◆ Description of the task ◆
Set down exactly the lines in the records below that run from the line with "ボディサイズはパワフルな音色" to the line with "省级/国家级工程技术研究中心", inclusive, and nothing more.

◆ Extracted material ◆
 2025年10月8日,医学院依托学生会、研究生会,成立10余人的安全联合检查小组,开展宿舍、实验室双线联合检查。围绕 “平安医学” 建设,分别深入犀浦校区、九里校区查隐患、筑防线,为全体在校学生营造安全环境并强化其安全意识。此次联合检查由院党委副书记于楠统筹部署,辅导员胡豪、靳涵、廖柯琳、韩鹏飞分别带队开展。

==

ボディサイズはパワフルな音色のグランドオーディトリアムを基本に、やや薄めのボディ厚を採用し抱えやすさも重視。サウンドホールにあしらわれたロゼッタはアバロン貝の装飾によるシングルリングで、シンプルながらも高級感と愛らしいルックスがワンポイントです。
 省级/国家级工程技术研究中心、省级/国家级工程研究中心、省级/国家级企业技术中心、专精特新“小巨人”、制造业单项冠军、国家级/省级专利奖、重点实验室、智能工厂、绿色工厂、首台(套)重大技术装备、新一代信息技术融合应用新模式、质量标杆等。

◆ Solution for this exercise ◆
ボディサイズはパワフルな音色のグランドオーディトリアムを基本に、やや薄めのボディ厚を採用し抱えやすさも重視。サウンドホールにあしらわれたロゼッタはアバロン貝の装飾によるシングルリングで、シンプルながらも高級感と愛らしいルックスがワンポイントです。
 省级/国家级工程技术研究中心、省级/国家级工程研究中心、省级/国家级企业技术中心、专精特新“小巨人”、制造业单项冠军、国家级/省级专利奖、重点实验室、智能工厂、绿色工厂、首台(套)重大技术装备、新一代信息技术融合应用新模式、质量标杆等。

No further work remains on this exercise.